> _Exercise_:
All of the records need to be retyped exactly, with no line dropped.
%%
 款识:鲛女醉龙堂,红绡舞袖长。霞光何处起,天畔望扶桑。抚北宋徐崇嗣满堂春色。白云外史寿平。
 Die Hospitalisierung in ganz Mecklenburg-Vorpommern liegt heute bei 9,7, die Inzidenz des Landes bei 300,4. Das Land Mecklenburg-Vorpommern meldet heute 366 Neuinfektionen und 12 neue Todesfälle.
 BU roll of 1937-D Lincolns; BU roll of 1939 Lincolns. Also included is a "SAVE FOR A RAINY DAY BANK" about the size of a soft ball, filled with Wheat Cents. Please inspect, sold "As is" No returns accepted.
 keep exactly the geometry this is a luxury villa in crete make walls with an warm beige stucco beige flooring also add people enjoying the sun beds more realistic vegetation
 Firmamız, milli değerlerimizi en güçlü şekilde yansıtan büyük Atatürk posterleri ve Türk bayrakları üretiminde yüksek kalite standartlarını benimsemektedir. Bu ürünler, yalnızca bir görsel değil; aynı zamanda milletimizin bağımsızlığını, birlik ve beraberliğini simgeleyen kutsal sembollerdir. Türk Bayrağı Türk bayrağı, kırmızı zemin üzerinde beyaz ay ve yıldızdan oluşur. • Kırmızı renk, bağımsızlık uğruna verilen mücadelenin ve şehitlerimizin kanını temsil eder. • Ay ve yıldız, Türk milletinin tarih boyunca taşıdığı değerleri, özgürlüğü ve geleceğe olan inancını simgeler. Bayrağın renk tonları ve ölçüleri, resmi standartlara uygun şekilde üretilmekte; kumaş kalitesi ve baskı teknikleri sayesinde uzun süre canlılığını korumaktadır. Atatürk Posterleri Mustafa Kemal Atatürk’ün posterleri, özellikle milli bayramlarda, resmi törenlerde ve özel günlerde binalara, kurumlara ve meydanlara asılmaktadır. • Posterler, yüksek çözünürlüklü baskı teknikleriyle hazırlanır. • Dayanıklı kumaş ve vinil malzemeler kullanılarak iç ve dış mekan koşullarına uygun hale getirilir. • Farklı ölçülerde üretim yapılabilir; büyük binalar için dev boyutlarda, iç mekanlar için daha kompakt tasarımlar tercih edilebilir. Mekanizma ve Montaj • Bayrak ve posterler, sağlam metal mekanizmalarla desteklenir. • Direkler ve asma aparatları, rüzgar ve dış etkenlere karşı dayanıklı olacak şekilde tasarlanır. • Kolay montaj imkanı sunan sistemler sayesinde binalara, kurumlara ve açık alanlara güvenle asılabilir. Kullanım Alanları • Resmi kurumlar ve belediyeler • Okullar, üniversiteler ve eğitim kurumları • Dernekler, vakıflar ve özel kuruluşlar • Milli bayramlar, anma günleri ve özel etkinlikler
%%
> _Exercise output_:
 款识:鲛女醉龙堂,红绡舞袖长。霞光何处起,天畔望扶桑。抚北宋徐崇嗣满堂春色。白云外史寿平。
 Die Hospitalisierung in ganz Mecklenburg-Vorpommern liegt heute bei 9,7, die Inzidenz des Landes bei 300,4. Das Land Mecklenburg-Vorpommern meldet heute 366 Neuinfektionen und 12 neue Todesfälle.
 BU roll of 1937-D Lincolns; BU roll of 1939 Lincolns. Also included is a "SAVE FOR A RAINY DAY BANK" about the size of a soft ball, filled with Wheat Cents. Please inspect, sold "As is" No returns accepted.
 keep exactly the geometry this is a luxury villa in crete make walls with an warm beige stucco beige flooring also add people enjoying the sun beds more realistic vegetation
 Firmamız, milli değerlerimizi en güçlü şekilde yansıtan büyük Atatürk posterleri ve Türk bayrakları üretiminde yüksek kalite standartlarını benimsemektedir. Bu ürünler, yalnızca bir görsel değil; aynı zamanda milletimizin bağımsızlığını, birlik ve beraberliğini simgeleyen kutsal sembollerdir. Türk Bayrağı Türk bayrağı, kırmızı zemin üzerinde beyaz ay ve yıldızdan oluşur. • Kırmızı renk, bağımsızlık uğruna verilen mücadelenin ve şehitlerimizin kanını temsil eder. • Ay ve yıldız, Türk milletinin tarih boyunca taşıdığı değerleri, özgürlüğü ve geleceğe olan inancını simgeler. Bayrağın renk tonları ve ölçüleri, resmi standartlara uygun şekilde üretilmekte; kumaş kalitesi ve baskı teknikleri sayesinde uzun süre canlılığını korumaktadır. Atatürk Posterleri Mustafa Kemal Atatürk’ün posterleri, özellikle milli bayramlarda, resmi törenlerde ve özel günlerde binalara, kurumlara ve meydanlara asılmaktadır. • Posterler, yüksek çözünürlüklü baskı teknikleriyle hazırlanır. • Dayanıklı kumaş ve vinil malzemeler kullanılarak iç ve dış mekan koşullarına uygun hale getirilir. • Farklı ölçülerde üretim yapılabilir; büyük binalar için dev boyutlarda, iç mekanlar için daha kompakt tasarımlar tercih edilebilir. Mekanizma ve Montaj • Bayrak ve posterler, sağlam metal mekanizmalarla desteklenir. • Direkler ve asma aparatları, rüzgar ve dış etkenlere karşı dayanıklı olacak şekilde tasarlanır. • Kolay montaj imkanı sunan sistemler sayesinde binalara, kurumlara ve açık alanlara güvenle asılabilir. Kullanım Alanları • Resmi kurumlar ve belediyeler • Okullar, üniversiteler ve eğitim kurumları • Dernekler, vakıflar ve özel kuruluşlar • Milli bayramlar, anma günleri ve özel etkinlikler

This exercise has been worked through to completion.